The verification and linking of transaction blocks in the blockchain using hash of previous block, is performed in the similar manner as described in Bitcoin (Nakamoto, 2008). However, the hash in PoDLwHO doesn't follow the PoW schema of Bitcoin with specific difficulty of prefix zeroes in hash generation, instead the hash is the SHA-256 hash of the block without any random nonce introduced. Instead, this block has the hyperparameters used, accuracy achieved by the miner (the trainer) of the corresponding data transaction in the block generation phase. Also, the transactions validated in a block are selected based on their time of arrival, and for current experiment, they do not entail any transaction fee associated with mining and validating them.
Security Threat Model
The blockchain technology has exhibited remarkable applications but it has also garnered unwanted attention of attackers and hackers raising concerns regarding the security and vulnerability (Li et al., 2017; Feng et al., 2019). The blockchain described under current scheme is also susceptible to 51% Attack, Double spending and private key security vulnerability (Li et al., 2017) and our experiment assumes the participating nodes to be honest and lawful preventing such attacks.

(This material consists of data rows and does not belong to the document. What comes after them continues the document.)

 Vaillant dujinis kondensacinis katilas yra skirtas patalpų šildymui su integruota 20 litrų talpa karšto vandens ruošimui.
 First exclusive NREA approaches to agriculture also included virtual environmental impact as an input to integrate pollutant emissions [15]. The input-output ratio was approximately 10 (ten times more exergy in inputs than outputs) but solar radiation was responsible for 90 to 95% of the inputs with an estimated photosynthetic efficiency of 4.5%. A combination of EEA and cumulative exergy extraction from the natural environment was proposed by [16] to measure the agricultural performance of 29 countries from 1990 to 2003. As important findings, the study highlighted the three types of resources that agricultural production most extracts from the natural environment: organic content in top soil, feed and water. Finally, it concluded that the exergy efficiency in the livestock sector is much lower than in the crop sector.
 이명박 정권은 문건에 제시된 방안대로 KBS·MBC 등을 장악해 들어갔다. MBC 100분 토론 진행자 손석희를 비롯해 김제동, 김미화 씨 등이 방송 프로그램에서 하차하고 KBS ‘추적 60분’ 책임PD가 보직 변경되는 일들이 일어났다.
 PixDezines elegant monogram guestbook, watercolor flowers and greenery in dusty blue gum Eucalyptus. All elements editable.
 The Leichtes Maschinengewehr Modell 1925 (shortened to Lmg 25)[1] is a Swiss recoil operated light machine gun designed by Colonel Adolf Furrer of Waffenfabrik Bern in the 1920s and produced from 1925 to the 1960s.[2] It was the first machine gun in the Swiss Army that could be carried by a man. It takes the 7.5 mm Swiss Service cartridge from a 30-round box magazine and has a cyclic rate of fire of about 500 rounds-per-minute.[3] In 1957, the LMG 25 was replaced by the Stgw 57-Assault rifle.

The requestor in PoDLwHO is vulnerable to a Distributed denial of service attack (DDoS) as all the miners are requesting and acquiring their data from the single requestor entity. We thus, assume the requestor to be capable of servicing all the requests without any prejudice or intended delay and function properly throughout the its operations. PoDLwHO is also exposed to the threat of code injection, since the data transactions exchanged between the nodes is followed by code execution for the purpose of model training and parameter evaluation. Suitable filters over the data exchanges are required to be implemented in order to prevent code injection.
Analysis and Comparison
Table 1 describes a brief overview of a few prominent algorithms proposed for performing hyperparameter tuning along with the advantages and challenges accompanying them. The algorithms have been stated in an order of priority to the concept of tuning models, building up on the fundamentals and enhancing them. Figure 2 groups these algorithms using the similarities in their underlying characteristics and presents a broad outline of their resemblance and divergence. From the initial intuition and experience-based approach, the exercise of tuning, gradually moves toward a heuristic approach, automating the procedure and incorporating several statistical methods to assist in the task completion.

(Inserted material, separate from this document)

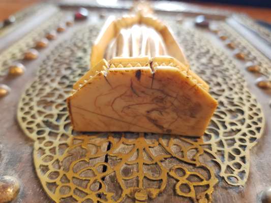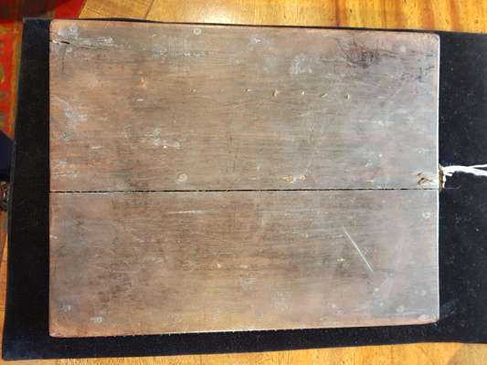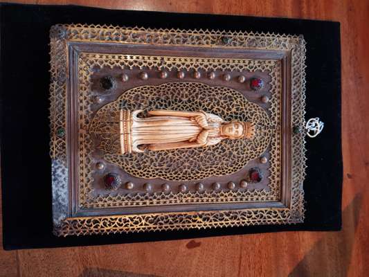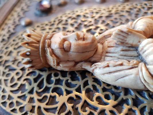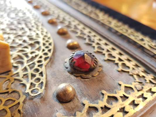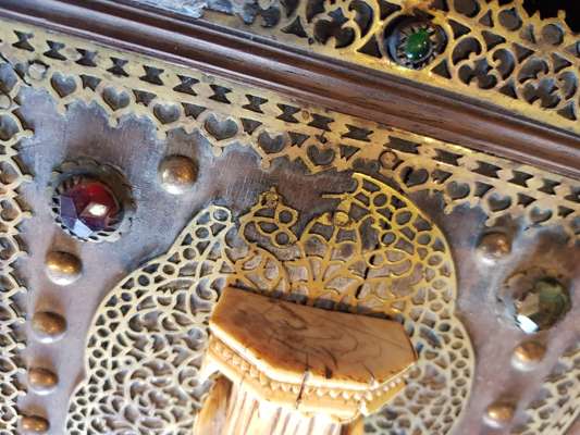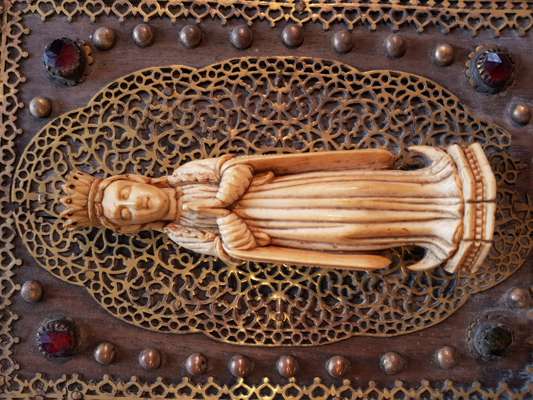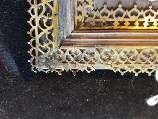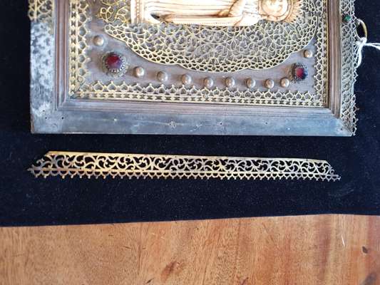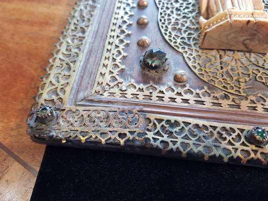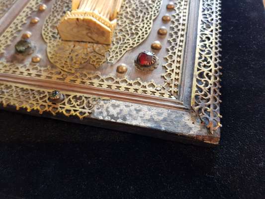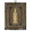 the standing figure wearing a crown with hands raised in prayer, mounted on a pierced brass ground against a wooden panel set with red and green glass cabochons, copper studs, and brass filigree borders

Table 1. Theoretical overview of various algorithms used for hyperparameter tuning: Advantages and Challenges.
Figure 2. Prominent approaches of hyperparameter tuning grouped using logical similarities and characteristics.
Table 2 sketches a contrast among these algorithms over certain parameters. Heuristic approach of determining hyperparameters refers to the automated and statistical approach of exploring the myriad of hyperparameter space and narrowing down to a few optimal samples, thereby, reducing the time involved in process. Since it is difficult even for experts to generate optimal hyperparameters, the Requirement of Intuition and Experience plays an important role in the practicability and adoption of approaches. Distributing the process parallelly not only helps in reducing the overall wall clock time but also provides justice to the modern-day arsenal of cheap and efficient parallel processors. Sustainability of resources is of utmost importance as the need for viable and environment friendly technology has amassed widespread attention due to the recent climatic changes leading to global warming and natural disasters.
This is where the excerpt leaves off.